The AMT_VFI node specializes in video frame interpolation, utilizing deep learning techniques to generate intermediate frames that enhance the smoothness and frame rate of video sequences. It employs advanced models to predict and insert frames between existing ones, improving video playback quality.

Input types¶

Required¶

ckpt_name
- Specifies the checkpoint name for the model to be used in the interpolation process, determining the specific pre-trained model configuration.
- Comfy dtype: COMBO[STRING]
- Python dtype: str
frames
- The input video frames to be interpolated, provided as a tensor. This parameter is crucial for defining the sequence of frames the model will process.
- Comfy dtype: IMAGE
- Python dtype: torch.Tensor
clear_cache_after_n_frames
- Controls the frequency of cache clearing to manage memory usage during the interpolation process, affecting performance and resource utilization.
- Comfy dtype: INT
- Python dtype: int
multiplier
- Determines the number of intermediate frames to be generated between each pair of original frames, directly influencing the output video's frame rate.
- Comfy dtype: INT
- Python dtype: int

Optional¶

optional_interpolation_states
- An optional parameter that allows for the customization of interpolation states, offering flexibility in handling specific frames or conditions.
- Comfy dtype: INTERPOLATION_STATES
- Python dtype: InterpolationStateList

Output types¶

image
- Comfy dtype: IMAGE
- The output video frames after interpolation, showcasing the enhanced fluidity and increased frame rate achieved through the process.
- Python dtype: torch.Tensor

Usage tips¶

Infra type: GPU
Common nodes: unknown

Source code¶

class AMT_VFI:
    @classmethod
    def INPUT_TYPES(s):
        return {
            "required": {
                "ckpt_name": (list(CKPT_CONFIGS.keys()), ),
                "frames": ("IMAGE", ),
                "clear_cache_after_n_frames": ("INT", {"default": 1, "min": 1, "max": 100}),
                "multiplier": ("INT", {"default": 2, "min": 2, "max": 1000})
            },
            "optional": {
                "optional_interpolation_states": ("INTERPOLATION_STATES", )
            }
        }

    RETURN_TYPES = ("IMAGE", )
    FUNCTION = "vfi"
    CATEGORY = "ComfyUI-Frame-Interpolation/VFI"

    def vfi(
        self,
        ckpt_name: typing.AnyStr, 
        frames: torch.Tensor, 
        clear_cache_after_n_frames: typing.SupportsInt = 1,
        multiplier: typing.SupportsInt = 2,
        optional_interpolation_states: InterpolationStateList = None,
        **kwargs
    ):
        model_path = load_file_from_direct_url(MODEL_TYPE, f"https://huggingface.co/lalala125/AMT/resolve/main/{ckpt_name}")
        ckpt_config = CKPT_CONFIGS[ckpt_name]

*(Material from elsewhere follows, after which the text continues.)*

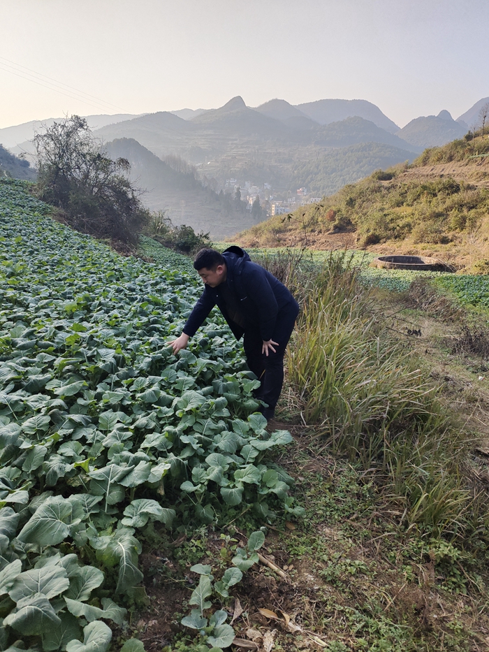 12月24日,万胜种业公司副总经理崔跃到许家坝镇油菜制种基地查看油菜生长情况。

        interpolation_model = ckpt_config["network"](**ckpt_config["params"])
        interpolation_model.load_state_dict(torch.load(model_path)["state_dict"])
        interpolation_model.eval().to(get_torch_device())

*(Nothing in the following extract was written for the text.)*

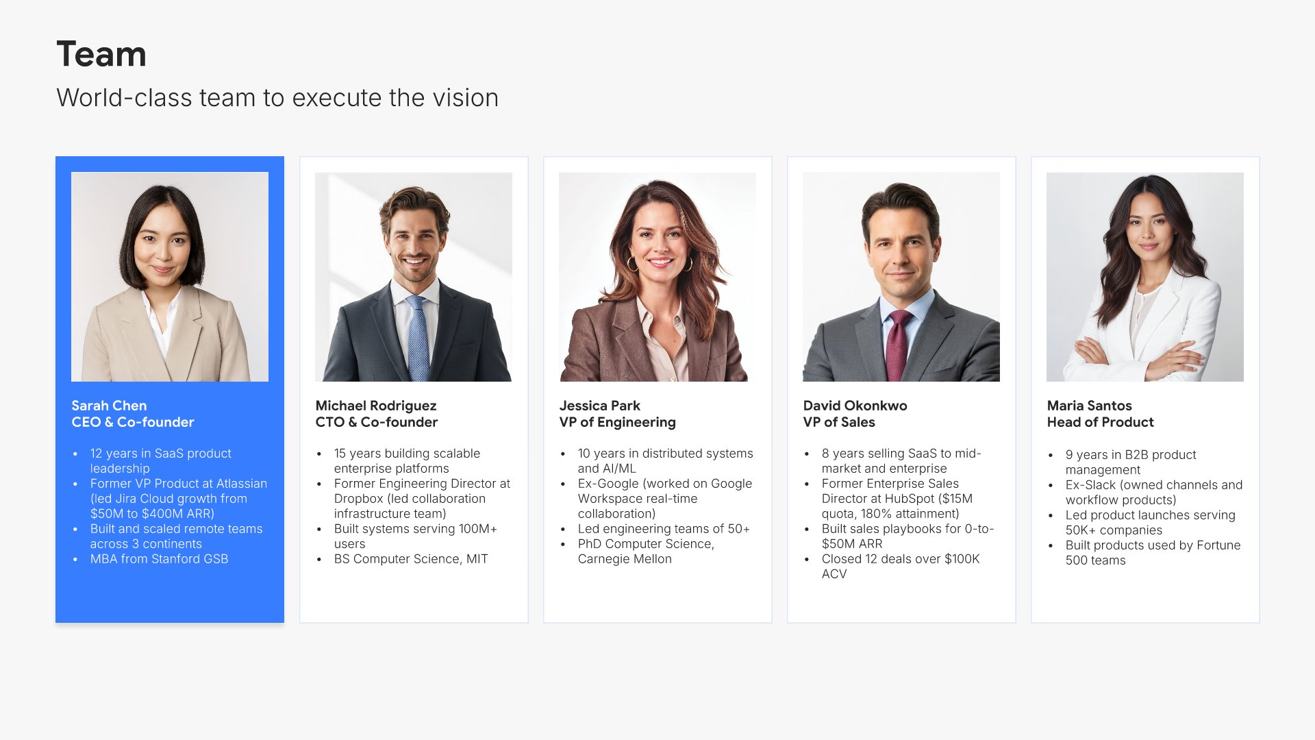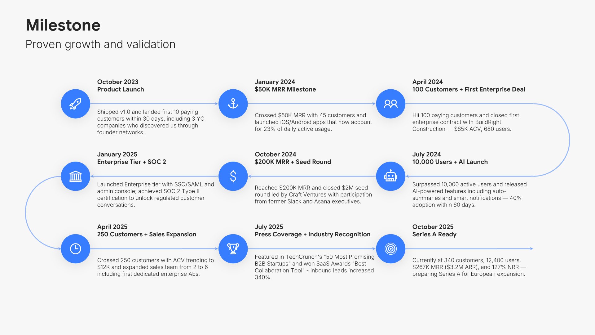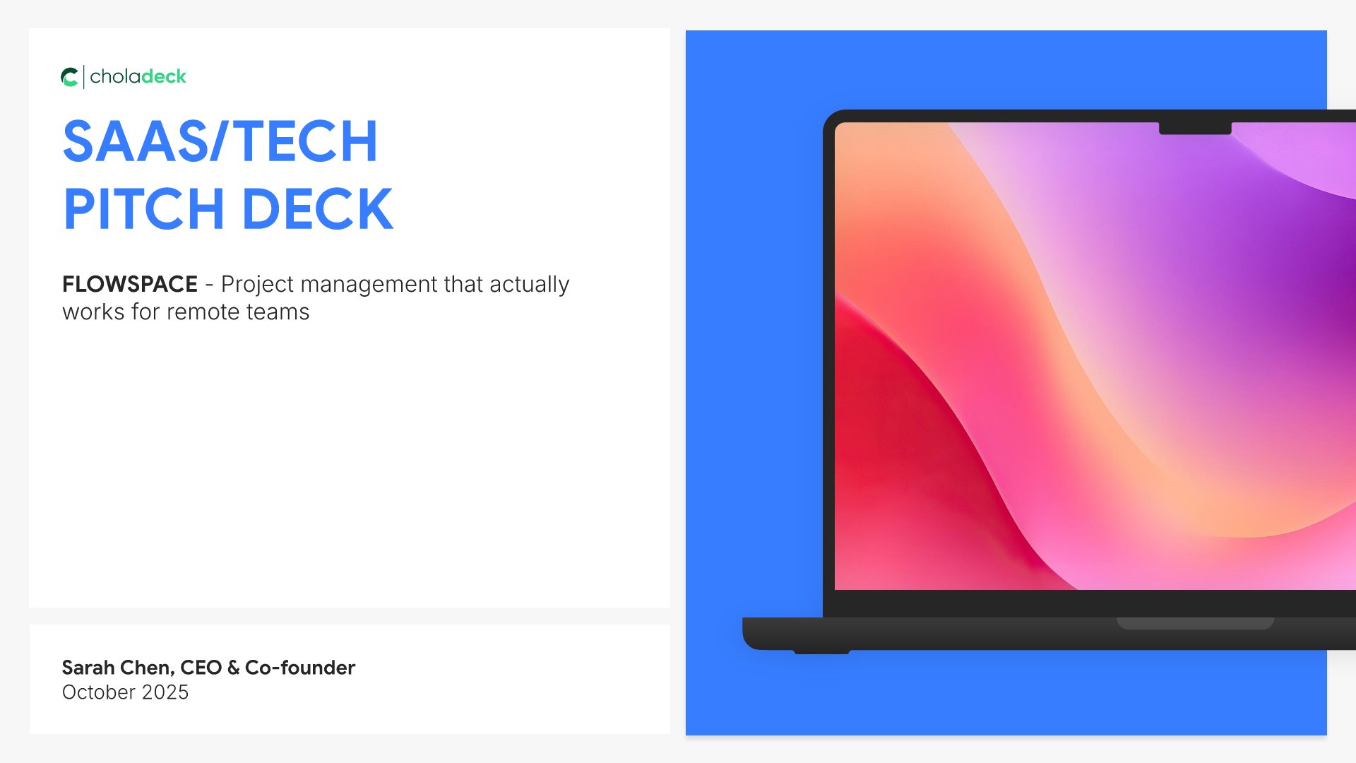 A comprehensive Series A pitch deck template designed for SaaS and technology startups seeking growth-stage funding. Built on the proven Sequoia Model framework, this presentation covers everything investors need to see, from problem-solution fit to financials and the ask. Universally applicable across all industries.

        frames = preprocess_frames(frames)
        padder = InputPadder(frames.shape, 16)
        frames = padder.pad(frames)

        def return_middle_frame(frame_0, frame_1, timestep, model):
            return model(
                frame_0, 
                frame_1,
                embt=torch.FloatTensor([timestep] * frame_0.shape[0]).view(frame_0.shape[0], 1, 1, 1).to(get_torch_device()),
                scale_factor=1.0,
                eval=True
            )["imgt_pred"]

        args = [interpolation_model]
        out = generic_frame_loop(frames, clear_cache_after_n_frames, multiplier, return_middle_frame, *args, 
                               interpolation_states=optional_interpolation_states, dtype=torch.float32)
        out = padder.unpad(out)
        out = postprocess_frames(out)
        return (out,)